Stored items:

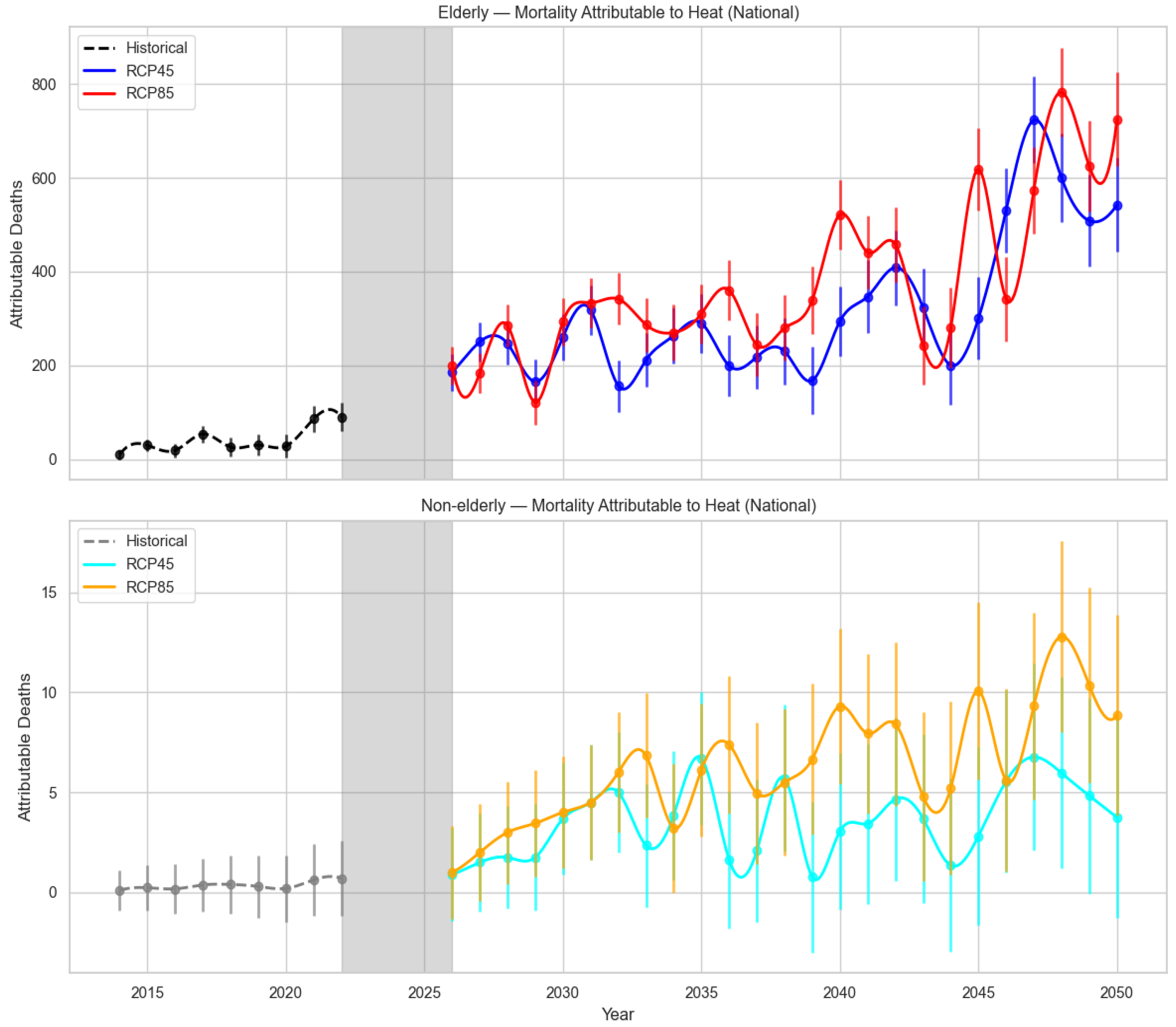 3.3.2. Projected Heatwave-Attributable Mortality (2026–2050)
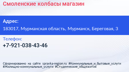 Смоленские колбасы, магазин по адресу 183017, Мурманская область, Мурманск, Береговая, 3 в дальнейшем Организация, размещена в следующих категориях:
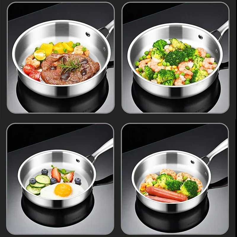 16cm 20cm Frying Pan Stainless Steel Non Coated Flat Bottom Household Cooking
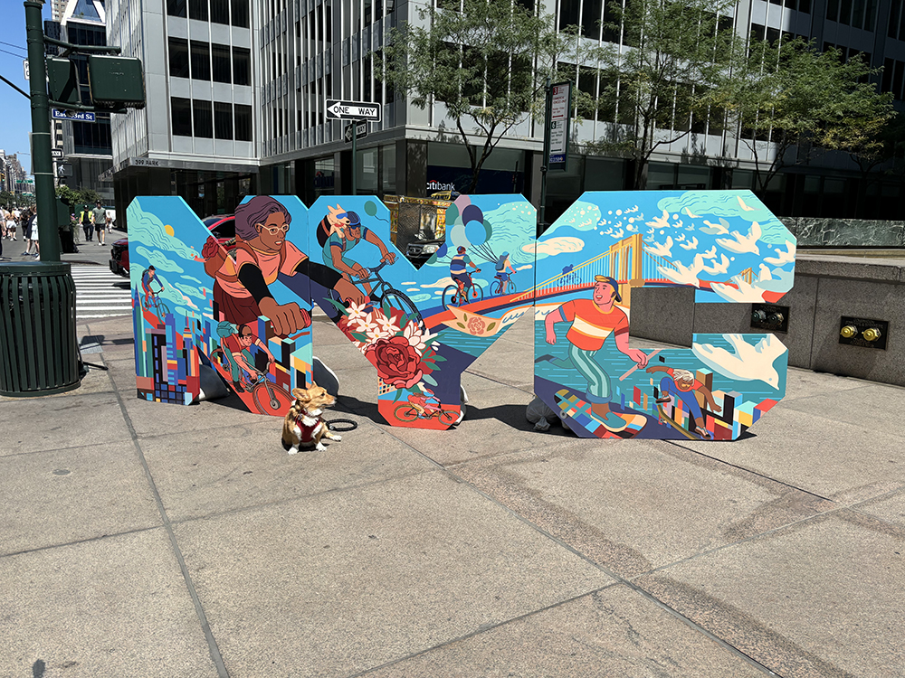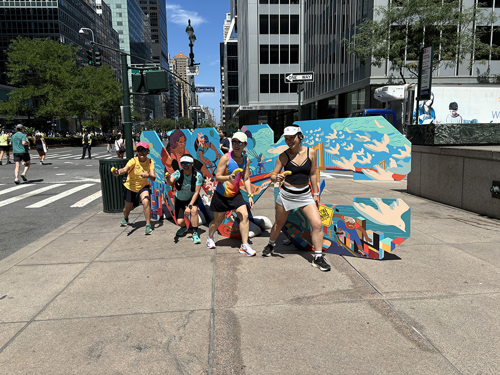 The designs are inspired by the vibrant summer energy of New York City. Joggers, cyclists, and animal companions fill the streets, moving to the rhythm of music and dance that reflect the city’s cultural diversity. Inside the irregular shape of “NYC,” figures appear in different perspectives, connected by sweeping arcs that symbolize the city’s bridges—just as people from all over the world come together here each day.
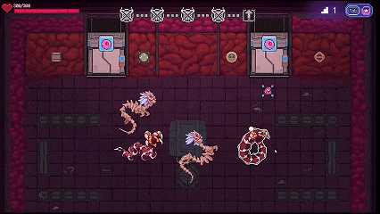 简单的像素风格美术,独立小游戏,很有爽感,进入关卡后,玩家可以控制生物体移动,使用技能,生物体会自动发射弹幕,器官搭配是其核心的玩法系统,器官从左到右进行连接,触发条件和弹幕类型不同,可以组合出不同的效果,多个技能成链类似编程的逻辑,也很烧脑。
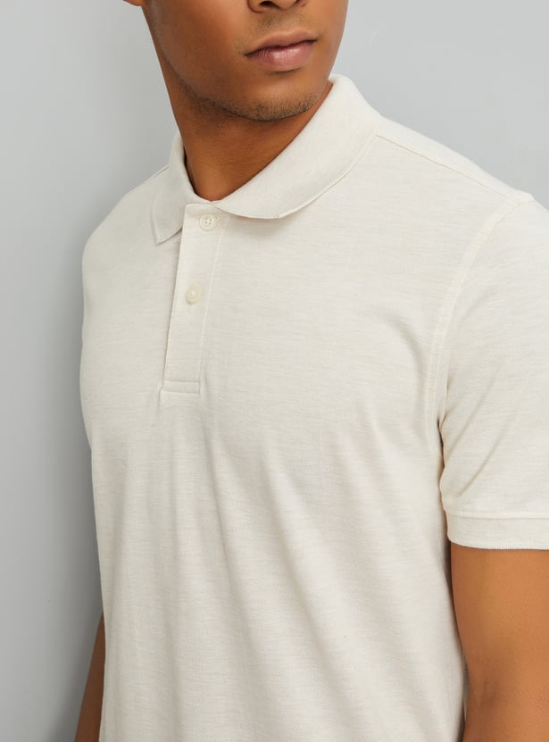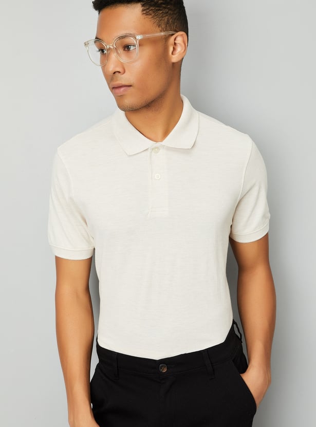 This solid polo T-shirt combines comfort and style with its collared design, half sleeves, and classic button closure. The subtle texture adds depth and interest to the traditional polo, making it perfect for both casual and semi-casual occasions.
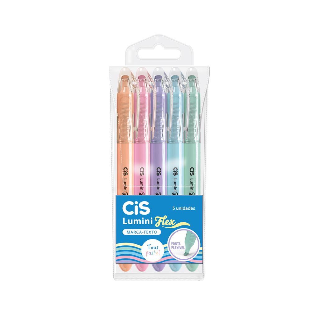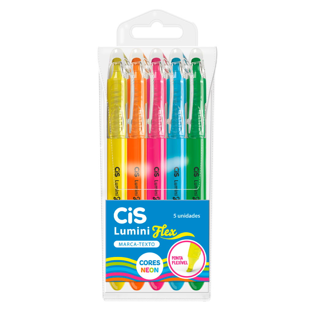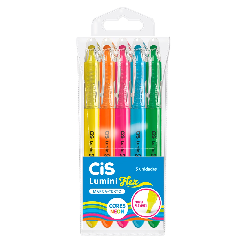 Conjunto 5 Cores Marca Texto Lumini Flex Neon e Pastel
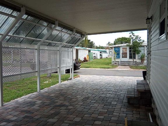 This is a beautiful 2 bedroom 1 bathroom mobile home. This home is located in desirable Dunedin Florida within walking distance to shops the trail the Dunedin Causeway and Honeymoon Island. this home has brand new low-e insulated windows. New wood look laminate flooring. New kitchen cabinets new countertops and new tile backsplash. New vinyl siding new screens on the large front porch and new pavers on the large extended driveway. All new appliances and new washer and dryer in the shed. Priced to sell and accepting offers. This house is selling with all new furniture and bed included. THIS IS A MUST SEE!
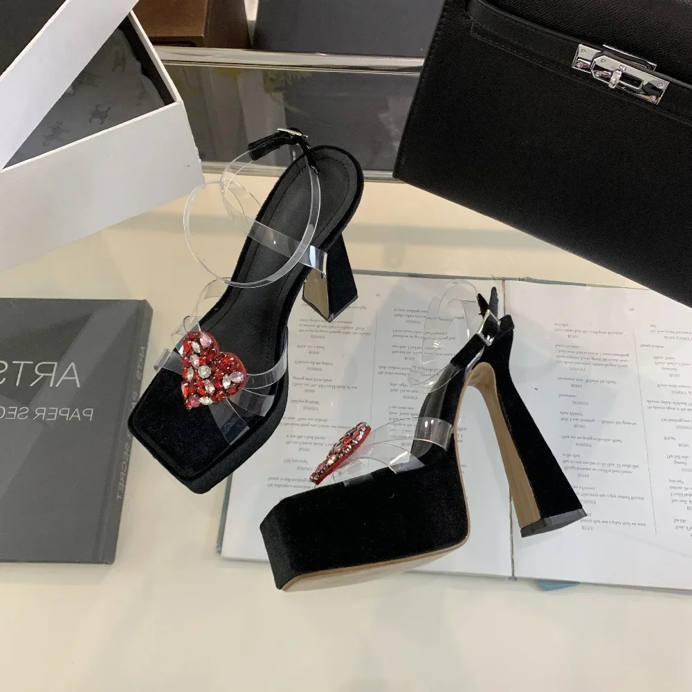 Design Style Square High Heels Platform Women Sandals Fashion Crystal PVC Tansparent Buckle Strap Party Ladies Shoes

=== The problem ===
Print all records word for word, no images.

=== Output of the exercise ===
 3.3.2. Projected Heatwave-Attributable Mortality (2026–2050)
 Смоленские колбасы, магазин по адресу 183017, Мурманская область, Мурманск, Береговая, 3 в дальнейшем Организация, размещена в следующих категориях:
 16cm 20cm Frying Pan Stainless Steel Non Coated Flat Bottom Household Cooking
 The designs are inspired by the vibrant summer energy of New York City. Joggers, cyclists, and animal companions fill the streets, moving to the rhythm of music and dance that reflect the city’s cultural diversity. Inside the irregular shape of “NYC,” figures appear in different perspectives, connected by sweeping arcs that symbolize the city’s bridges—just as people from all over the world come together here each day.
 简单的像素风格美术,独立小游戏,很有爽感,进入关卡后,玩家可以控制生物体移动,使用技能,生物体会自动发射弹幕,器官搭配是其核心的玩法系统,器官从左到右进行连接,触发条件和弹幕类型不同,可以组合出不同的效果,多个技能成链类似编程的逻辑,也很烧脑。
 This solid polo T-shirt combines comfort and style with its collared design, half sleeves, and classic button closure. The subtle texture adds depth and interest to the traditional polo, making it perfect for both casual and semi-casual occasions.
 Conjunto 5 Cores Marca Texto Lumini Flex Neon e Pastel
 This is a beautiful 2 bedroom 1 bathroom mobile home. This home is located in desirable Dunedin Florida within walking distance to shops the trail the Dunedin Causeway and Honeymoon Island. this home has brand new low-e insulated windows. New wood look laminate flooring. New kitchen cabinets new countertops and new tile backsplash. New vinyl siding new screens on the large front porch and new pavers on the large extended driveway. All new appliances and new washer and dryer in the shed. Priced to sell and accepting offers. This house is selling with all new furniture and bed included. THIS IS A MUST SEE!
 Design Style Square High Heels Platform Women Sandals Fashion Crystal PVC Tansparent Buckle Strap Party Ladies Shoes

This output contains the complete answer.